How the Global Refugee Crisis Has Transformed Europe

NOVANEWS
In recent years, even Scandinavian countries like Sweden—which have historically taken pride in providing a safe haven to the world’s huddled masses—are taking a step back to reassess policies on addressing the refugee crisis. Unlike new arrivals who were often previously awarded permanent residency, the vast majority of asylum-seekers who have arrived since November 2015 are only eligible for a temporary permit to stay in Sweden. With its tougher laws, Sweden now finds itself at the bottom of the European Union when it comes to welcoming refugees.
A banner in a town square in the French Alps reads “Welcome Refugees,” Chamonix, France, Oct. 22, 2016 (AP photo by Bertrand Combaldieu).
Part of the story behind this sea change is pure logistics. Like Canada, Sweden has long had a friendly immigration attitude because of its place on the map. Even with generous permits and benefits, limited numbers of refugees and asylum-seekers would make their way up to this cold, northern country, far away from the traditional hotspots of migration. That was true until the exodus of refugees from Syria’s civil war. Those who made their way to Europe often headed directly for Sweden, attracted by the generous permit policy and the presence of friends and relatives who had come before them. At its peak, so many refugees arrived in the southern city of Malmo that some were left to sleep outside. Even in generous Sweden, pragmatism quickly overtook idealism.

 

Integration is the Biggest Challenge for Europe When it Comes to the Refugee Crisis
In the aftermath of the surge in arrivals at the height of the crisis in 2015, the question on the minds of many in Europe these days is how to cope with the impact of asylum-seekers and migrants on their societies. The European Union’s response to the refugee crisis has been chaotic and divisive, characterized by squabbling over sharing responsibility, cascading border closures and finger-pointing. Many EU governments are focused on preventing arrivals and deflecting responsibility to neighboring countries. The possibility that some of those responsible for the horrific attacks in Paris in November 2015 entered the EU posing as refugees amid the influx into Greece and the Western Balkans has interjected fear of terrorism into the mix. Those who seek to keep refugees out with appeals to prejudice and panic are exploiting that anxiety. But with so many asylum-seekers and migrants already in Europe, the next big challenge will be integrating them into society.
How Germany is Handling the Refugee Crisis
While Europe as a whole struggles with integration, the first Islamist-inspired attacks by asylum-seekers on German soil in July 2016 trained an international spotlight on that country’s efforts to integrate more than a million new arrivals. In many sectors, the herculean task of integrating so many, so fast, is only just hitting home. Germany’s so-called integration law requires asylum-seekers to assimilate or face consequences. One of its more controversial measures forces newcomers to learn German and attend mandatory integration courses, or risk having their benefit payments cut.
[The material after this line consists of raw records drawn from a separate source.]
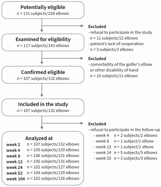 The patient group has been described in detail previously [45,46,47,48,49]. There was a group of 107 patients (132 elbows, 100%), with lateral elbow tendinopathy (M77.1., ICD-10), treated with PRP. The inclusion criteria were as follows: a diagnosis of tennis elbow confirmed by medical history, including pain at the common extensor origin radiating proximally and distally, reduced grip strength, pain and muscle weakness during lifting or holding objects, morning stiffness, positive Thomson’s and Mill’s tests, Cozen’s sign, tenderness over the lateral epicondyle of the humerus, symptoms persisting for at least three months before injection, and treatment with PRP. The exclusion criteria were additional injury/disease of affected limb, prior surgery or PRP injection, steroid injections in the last 6 months, rheumatoid arthritis, pregnancy, active malignancy, cervical radiculopathy, current anti-platelet medication and cognitive limitations. The flow-chart for patient selection is shown in Figure 8.
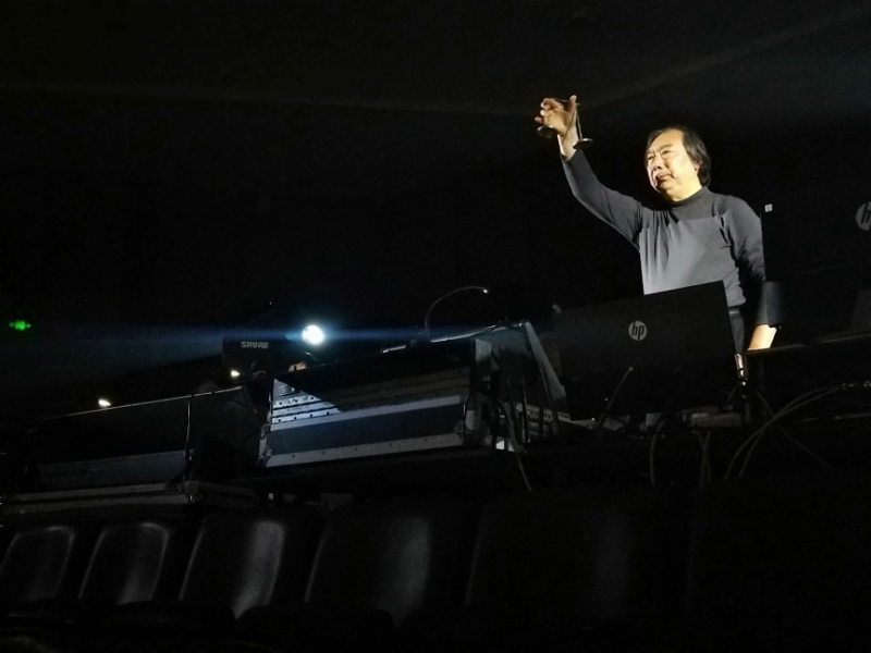 最后一首《诺日朗》是张小夫教授的代表作品,这部作品可谓本场演出画龙点睛之作,整部作品在全新的演绎下,将哲学与佛教、电子与器乐、传统与现代结合的天衣无缝,作曲家张小夫将“转经”和“轮回”这两个概念转化、提炼为作品当中一种独特的、个性化的电子音乐表达语汇,就像是循环式的音响动机。在数字影像的烘托下,共同营造出神秘深邃的音乐语境和人神对话的“虚拟空间”。这一场穿越时空,跨越界限的对话,让现场观众再一次感受到电子音乐带来的无限震撼。
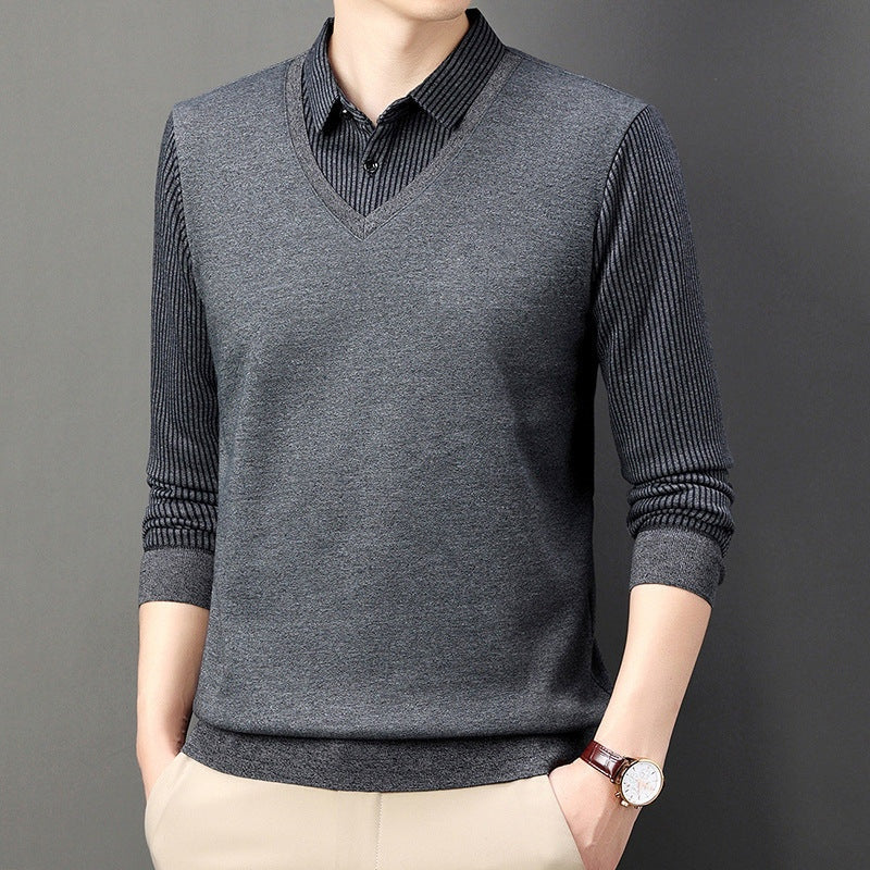 Men's Fake 2-Piece Knitted Shirt
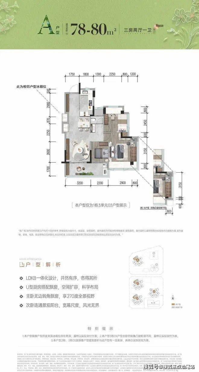 首次推首北地块1栋3单元,约80-92㎡ 3房,共195套,新规使用率高达96%-105%!
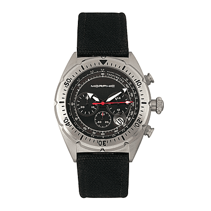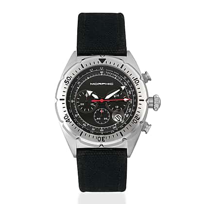 MORPHIC M53 Series Japanese Quartz Movt. 5ATM Water Resistant Black Dial Mens Watch with Black Colour Leather Strap and Silver-Tone Case

Meanwhile, the lengthy procedure for processing asylum-seekers’ claims leaves even those who are eager to integrate feeling isolated.
Ongoing EU Policy Gaps ExposedIn addition to the challenge of integration, the refugee crisis is also creating tensions between European countries, and within them. Since the reintroduction of border checks at the height of the crisis in 2015, border patrol within Europe’s free travel zone is increasingly a matter of national security rather than of EU coordination. As Lina Vosyliute, a researcher at the Center for European Policy Studies, a Brussels-based think tank, explains, law-enforcement agents are under political pressure to deliver on border security. This can often lead to extreme policing that violates migrants’ rights. This kind of policing can also result in what refugee and migrant advocates call the “criminalization of solidarity.” That was the case with Benoit Ducos, the French mountain guide who now faces a five-year prison sentence for aiding a pregnant migrant along the French-Italian border.
The European Union’s Approach is Doomed to Fail
Although the political repercussions of the refugee crisis continue to roil European politics, the number of asylum-seekers and migrants has decreased dramatically since 2015. This is in part due to the European Agenda on Migration, an important framework for developing a comprehensive and multidimensional response to a complex and pressing challenge. However, the agenda addresses migration through a framework of deterrence, which is designed to prevent people from arriving in the EU in the first place, rather than to address the drivers of migration directly. This deterrent approach is by no means new, and it has already failed—not least in the emergence and escalation of the crisis that led to the agenda in the first place. While it has reduced the flow of migrants that reach Europe, it ignores the factors that cause them to leave their home countries.